Segment Start: Records supplied

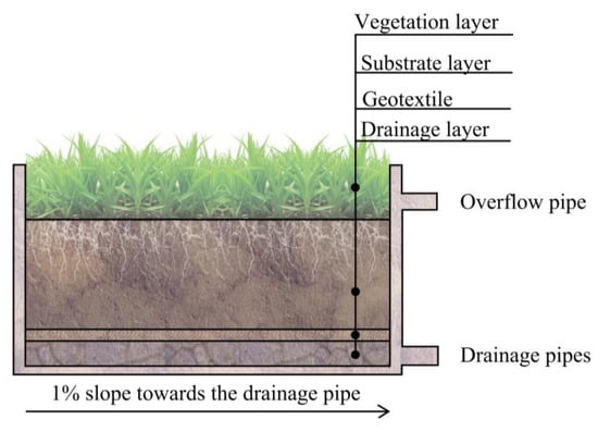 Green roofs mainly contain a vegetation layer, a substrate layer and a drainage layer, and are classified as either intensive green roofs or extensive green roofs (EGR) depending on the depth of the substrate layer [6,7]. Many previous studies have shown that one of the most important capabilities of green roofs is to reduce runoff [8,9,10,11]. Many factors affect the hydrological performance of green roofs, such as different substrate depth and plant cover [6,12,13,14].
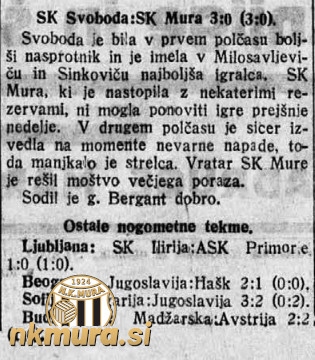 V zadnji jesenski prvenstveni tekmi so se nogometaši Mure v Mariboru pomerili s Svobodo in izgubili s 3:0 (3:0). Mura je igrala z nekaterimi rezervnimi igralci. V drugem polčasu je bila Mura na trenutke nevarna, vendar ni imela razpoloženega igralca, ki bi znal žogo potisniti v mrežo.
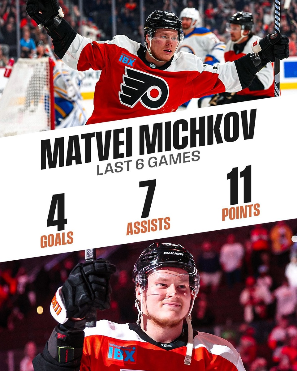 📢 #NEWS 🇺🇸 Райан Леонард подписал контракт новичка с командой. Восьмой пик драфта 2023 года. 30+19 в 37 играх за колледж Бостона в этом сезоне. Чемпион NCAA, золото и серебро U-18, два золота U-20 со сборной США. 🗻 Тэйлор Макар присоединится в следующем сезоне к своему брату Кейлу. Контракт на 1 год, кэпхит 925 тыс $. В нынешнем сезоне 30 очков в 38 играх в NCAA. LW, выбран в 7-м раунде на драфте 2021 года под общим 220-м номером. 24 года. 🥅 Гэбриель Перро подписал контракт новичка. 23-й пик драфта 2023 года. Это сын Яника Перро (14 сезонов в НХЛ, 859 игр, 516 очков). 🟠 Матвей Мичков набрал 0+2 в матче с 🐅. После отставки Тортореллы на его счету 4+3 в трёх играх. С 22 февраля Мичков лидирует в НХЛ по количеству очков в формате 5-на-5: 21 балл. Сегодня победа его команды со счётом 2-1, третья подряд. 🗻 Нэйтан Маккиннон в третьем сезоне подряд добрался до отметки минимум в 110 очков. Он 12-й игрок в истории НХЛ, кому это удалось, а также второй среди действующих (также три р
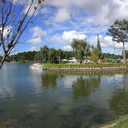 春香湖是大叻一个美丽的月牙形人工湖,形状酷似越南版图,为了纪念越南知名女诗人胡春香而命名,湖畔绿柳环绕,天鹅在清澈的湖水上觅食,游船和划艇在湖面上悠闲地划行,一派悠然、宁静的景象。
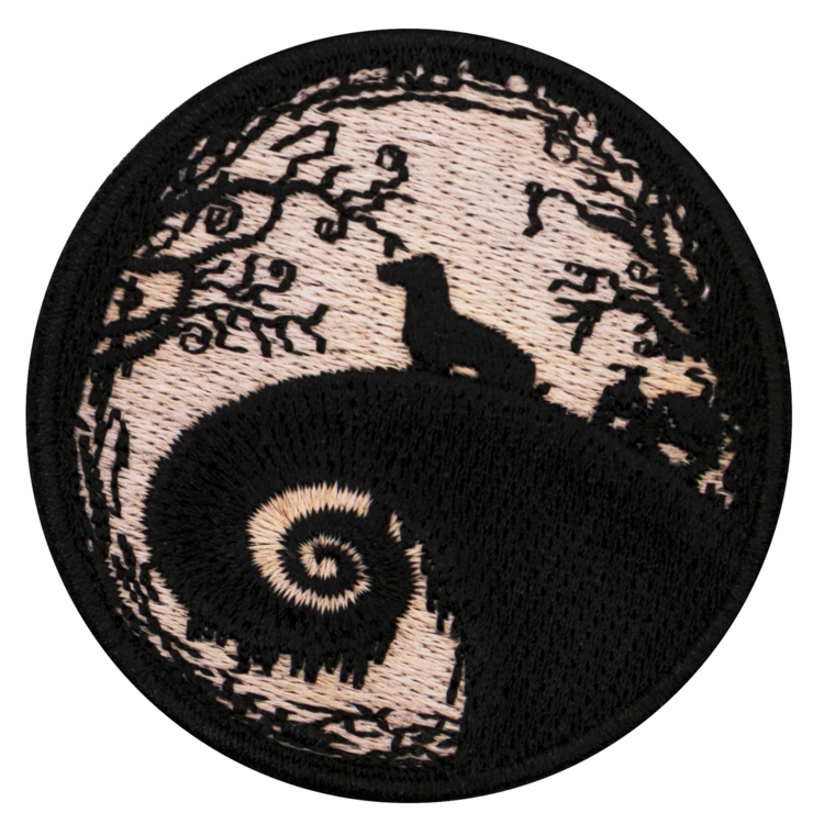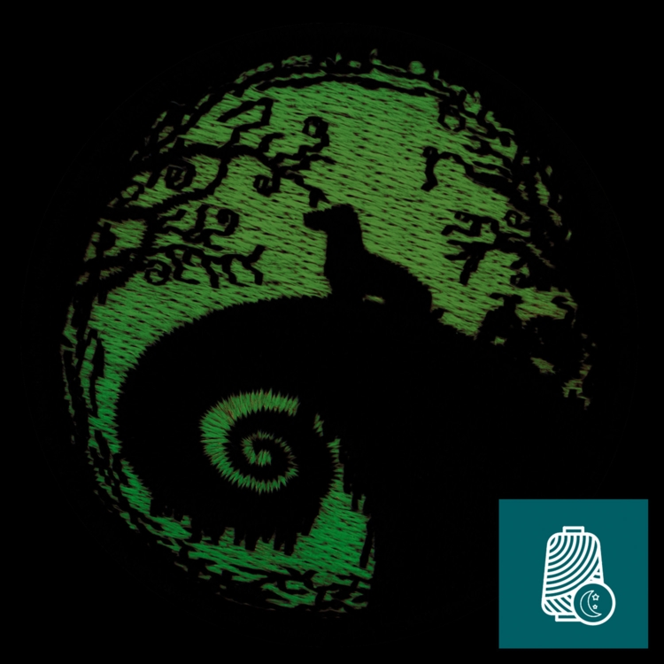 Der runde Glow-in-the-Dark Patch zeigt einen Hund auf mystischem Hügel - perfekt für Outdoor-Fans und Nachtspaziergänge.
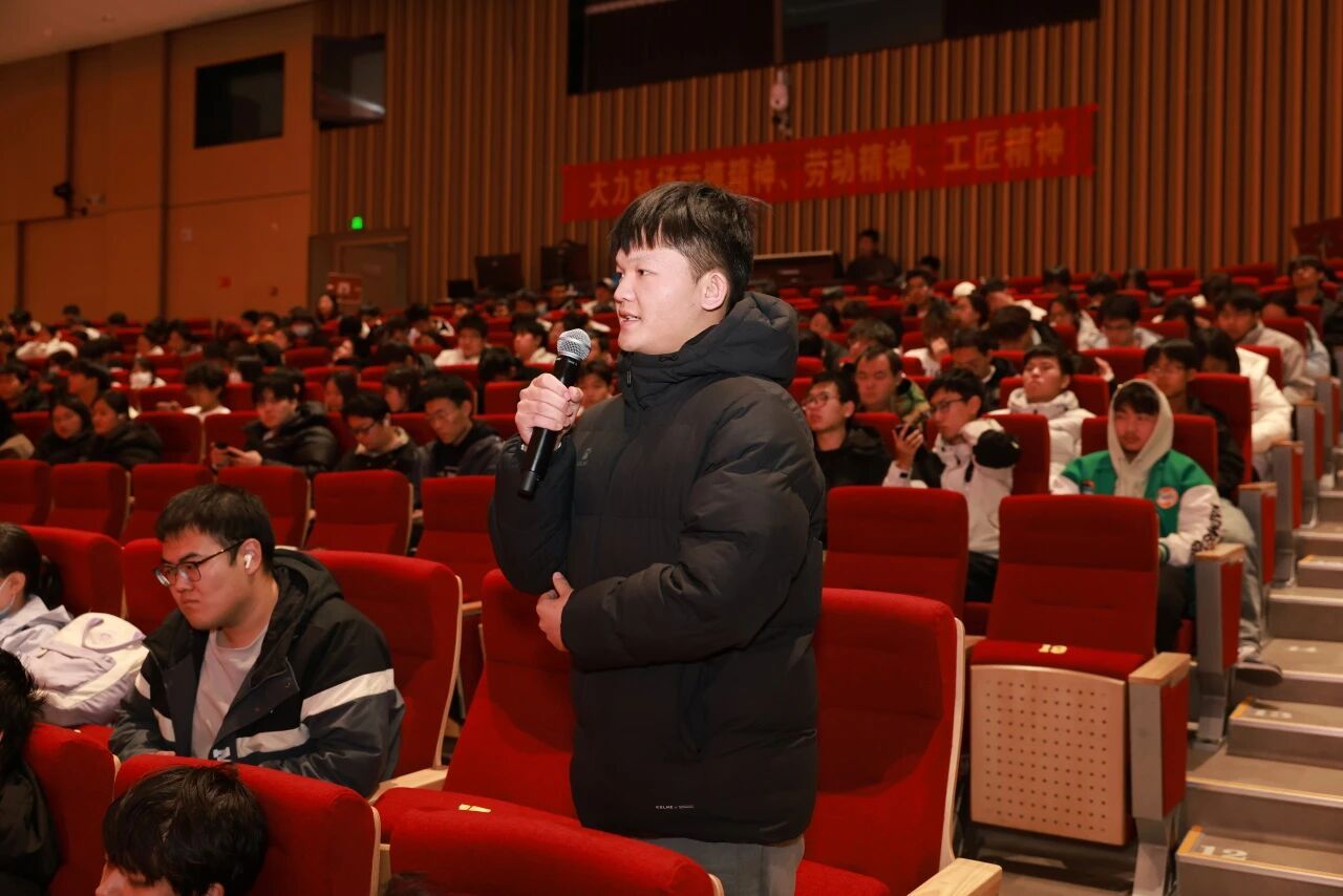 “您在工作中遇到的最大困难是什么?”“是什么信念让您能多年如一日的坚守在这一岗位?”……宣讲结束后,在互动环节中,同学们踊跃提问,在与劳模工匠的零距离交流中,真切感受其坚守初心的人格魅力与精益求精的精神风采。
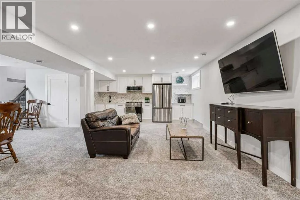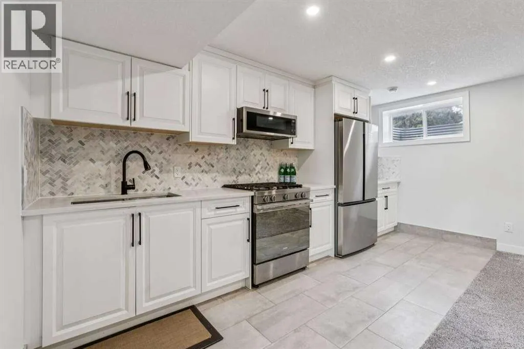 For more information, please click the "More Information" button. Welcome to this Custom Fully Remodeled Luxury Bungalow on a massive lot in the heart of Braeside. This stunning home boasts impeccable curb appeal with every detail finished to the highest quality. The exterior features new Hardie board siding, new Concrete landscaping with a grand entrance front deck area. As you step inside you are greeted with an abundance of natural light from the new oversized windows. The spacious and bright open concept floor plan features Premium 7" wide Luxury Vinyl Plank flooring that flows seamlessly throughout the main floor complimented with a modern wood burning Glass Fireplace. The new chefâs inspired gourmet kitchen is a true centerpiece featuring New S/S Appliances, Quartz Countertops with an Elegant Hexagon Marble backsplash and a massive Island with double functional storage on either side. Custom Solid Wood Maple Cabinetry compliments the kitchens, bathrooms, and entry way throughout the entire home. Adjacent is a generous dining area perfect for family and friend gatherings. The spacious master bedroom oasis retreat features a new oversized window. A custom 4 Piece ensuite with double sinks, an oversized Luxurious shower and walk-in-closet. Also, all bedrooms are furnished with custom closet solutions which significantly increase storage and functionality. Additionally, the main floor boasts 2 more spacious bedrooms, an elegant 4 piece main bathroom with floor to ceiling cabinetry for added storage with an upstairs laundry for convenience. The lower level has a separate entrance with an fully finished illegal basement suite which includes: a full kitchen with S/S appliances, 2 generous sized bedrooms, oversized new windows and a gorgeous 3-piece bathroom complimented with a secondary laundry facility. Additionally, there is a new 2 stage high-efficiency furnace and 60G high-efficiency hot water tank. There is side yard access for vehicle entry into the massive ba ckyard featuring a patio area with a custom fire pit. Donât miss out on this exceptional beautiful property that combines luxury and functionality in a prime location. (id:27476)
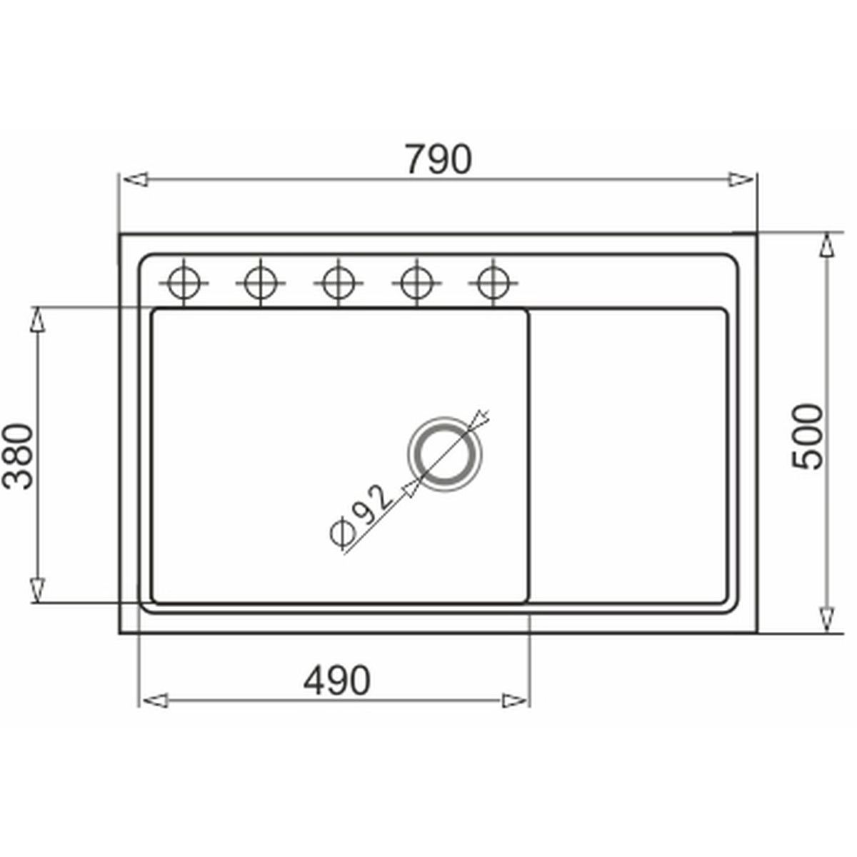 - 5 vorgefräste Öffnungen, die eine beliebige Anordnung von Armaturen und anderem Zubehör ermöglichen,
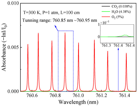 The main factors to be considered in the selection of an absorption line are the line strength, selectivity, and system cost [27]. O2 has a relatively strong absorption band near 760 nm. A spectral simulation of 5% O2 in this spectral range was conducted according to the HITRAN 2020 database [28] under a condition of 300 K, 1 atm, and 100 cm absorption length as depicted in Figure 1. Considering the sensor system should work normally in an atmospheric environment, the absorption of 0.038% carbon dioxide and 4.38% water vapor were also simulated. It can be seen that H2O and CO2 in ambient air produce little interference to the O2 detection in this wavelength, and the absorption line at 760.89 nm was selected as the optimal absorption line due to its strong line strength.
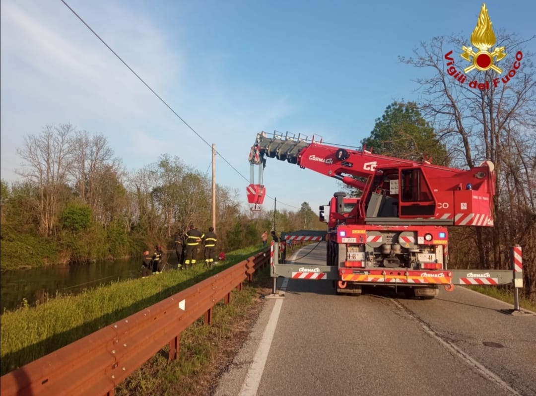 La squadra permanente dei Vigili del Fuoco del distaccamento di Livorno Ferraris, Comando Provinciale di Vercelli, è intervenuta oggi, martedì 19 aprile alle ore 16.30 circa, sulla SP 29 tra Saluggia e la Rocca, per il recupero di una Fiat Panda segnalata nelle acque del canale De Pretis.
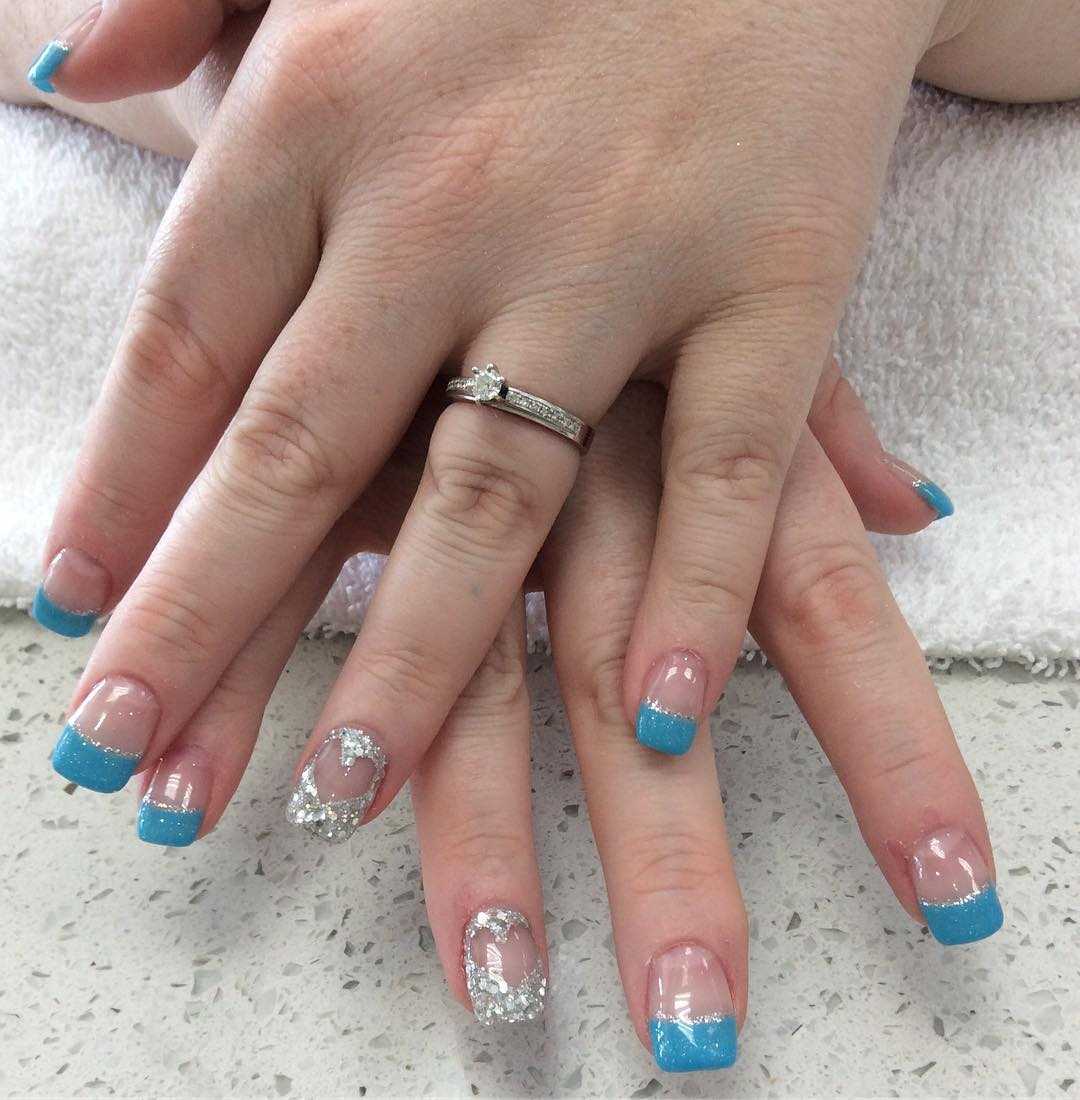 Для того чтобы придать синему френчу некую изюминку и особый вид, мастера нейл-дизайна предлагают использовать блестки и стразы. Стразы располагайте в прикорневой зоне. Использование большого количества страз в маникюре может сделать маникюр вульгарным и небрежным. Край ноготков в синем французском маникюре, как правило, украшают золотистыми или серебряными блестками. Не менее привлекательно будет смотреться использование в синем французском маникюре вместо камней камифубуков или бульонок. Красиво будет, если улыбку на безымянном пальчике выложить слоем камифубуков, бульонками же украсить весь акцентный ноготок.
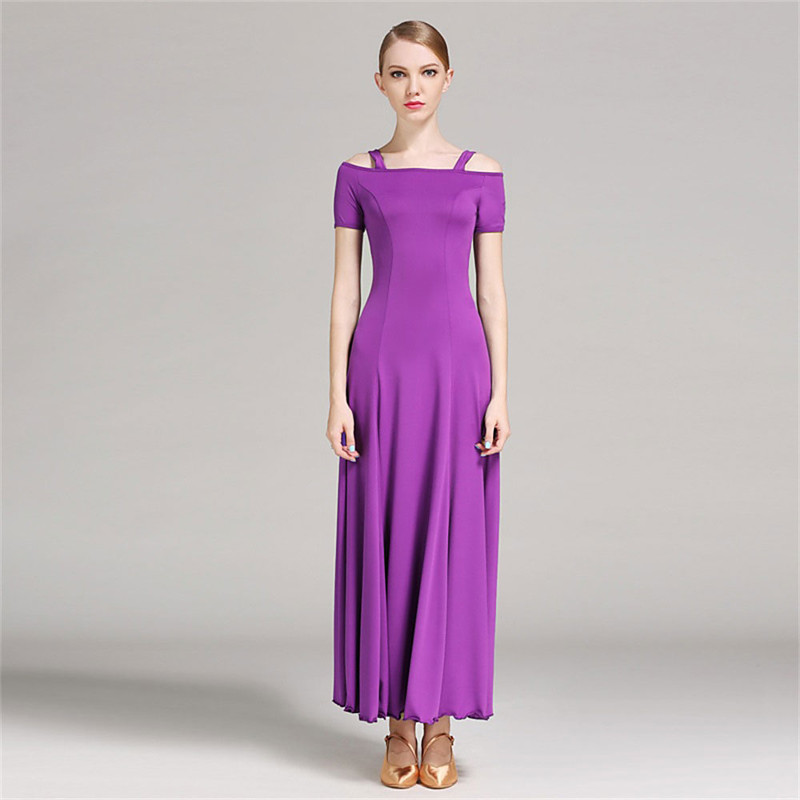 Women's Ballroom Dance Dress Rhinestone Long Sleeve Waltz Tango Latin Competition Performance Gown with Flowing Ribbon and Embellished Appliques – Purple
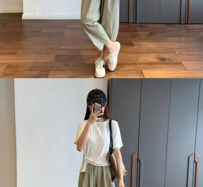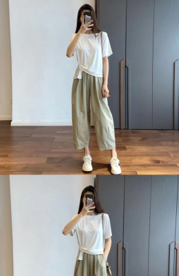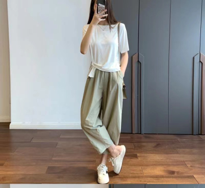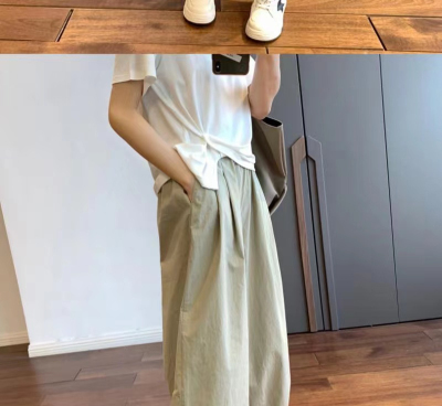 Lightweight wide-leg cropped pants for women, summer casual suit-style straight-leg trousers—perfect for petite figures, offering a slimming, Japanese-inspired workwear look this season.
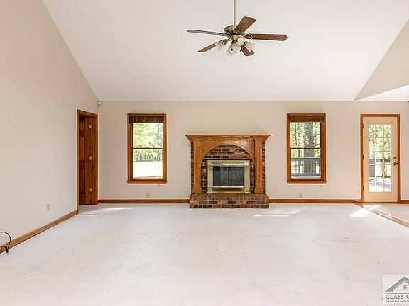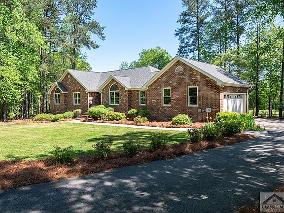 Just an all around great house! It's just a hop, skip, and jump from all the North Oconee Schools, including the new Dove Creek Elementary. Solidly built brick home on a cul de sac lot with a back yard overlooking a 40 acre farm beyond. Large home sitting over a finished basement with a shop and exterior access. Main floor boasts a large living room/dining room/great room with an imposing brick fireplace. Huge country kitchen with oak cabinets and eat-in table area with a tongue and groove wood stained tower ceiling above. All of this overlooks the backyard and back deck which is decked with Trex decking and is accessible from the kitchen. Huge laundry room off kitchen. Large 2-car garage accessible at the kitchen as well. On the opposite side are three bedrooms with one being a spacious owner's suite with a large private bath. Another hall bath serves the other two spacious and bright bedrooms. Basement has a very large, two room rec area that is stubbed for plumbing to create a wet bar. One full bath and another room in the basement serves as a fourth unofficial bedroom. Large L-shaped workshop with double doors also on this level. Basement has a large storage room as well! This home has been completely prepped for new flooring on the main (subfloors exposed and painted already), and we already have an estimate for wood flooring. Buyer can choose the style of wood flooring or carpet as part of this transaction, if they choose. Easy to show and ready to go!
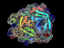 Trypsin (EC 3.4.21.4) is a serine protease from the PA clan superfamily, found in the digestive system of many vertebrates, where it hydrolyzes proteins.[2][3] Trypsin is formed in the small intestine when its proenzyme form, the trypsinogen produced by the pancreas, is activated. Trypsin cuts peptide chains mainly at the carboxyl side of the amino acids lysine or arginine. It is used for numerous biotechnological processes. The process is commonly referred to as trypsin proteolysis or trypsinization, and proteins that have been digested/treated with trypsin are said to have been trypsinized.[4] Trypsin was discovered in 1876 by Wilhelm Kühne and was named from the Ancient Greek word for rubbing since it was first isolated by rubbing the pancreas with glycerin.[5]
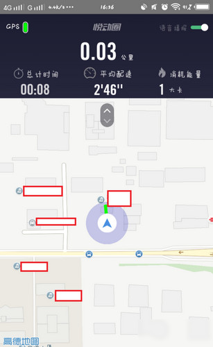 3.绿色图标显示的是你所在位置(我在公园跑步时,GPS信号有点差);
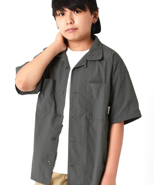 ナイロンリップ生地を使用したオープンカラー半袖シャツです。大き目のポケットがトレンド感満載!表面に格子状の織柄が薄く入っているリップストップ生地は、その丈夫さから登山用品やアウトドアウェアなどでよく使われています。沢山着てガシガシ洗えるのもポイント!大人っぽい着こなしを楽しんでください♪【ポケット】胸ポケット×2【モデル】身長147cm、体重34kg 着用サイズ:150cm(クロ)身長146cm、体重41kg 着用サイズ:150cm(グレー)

Segment End: Records supplied

Problem details: Keep the pictures out of your copy. Copy only the lines from the line that holds "Trypsin (EC 3.4.21.4)" through the last line of the listing above, both included.

Response:
 Trypsin (EC 3.4.21.4) is a serine protease from the PA clan superfamily, found in the digestive system of many vertebrates, where it hydrolyzes proteins.[2][3] Trypsin is formed in the small intestine when its proenzyme form, the trypsinogen produced by the pancreas, is activated. Trypsin cuts peptide chains mainly at the carboxyl side of the amino acids lysine or arginine. It is used for numerous biotechnological processes. The process is commonly referred to as trypsin proteolysis or trypsinization, and proteins that have been digested/treated with trypsin are said to have been trypsinized.[4] Trypsin was discovered in 1876 by Wilhelm Kühne and was named from the Ancient Greek word for rubbing since it was first isolated by rubbing the pancreas with glycerin.[5]
 3.绿色图标显示的是你所在位置(我在公园跑步时,GPS信号有点差);
 ナイロンリップ生地を使用したオープンカラー半袖シャツです。大き目のポケットがトレンド感満載!表面に格子状の織柄が薄く入っているリップストップ生地は、その丈夫さから登山用品やアウトドアウェアなどでよく使われています。沢山着てガシガシ洗えるのもポイント!大人っぽい着こなしを楽しんでください♪【ポケット】胸ポケット×2【モデル】身長147cm、体重34kg 着用サイズ:150cm(クロ)身長146cm、体重41kg 着用サイズ:150cm(グレー)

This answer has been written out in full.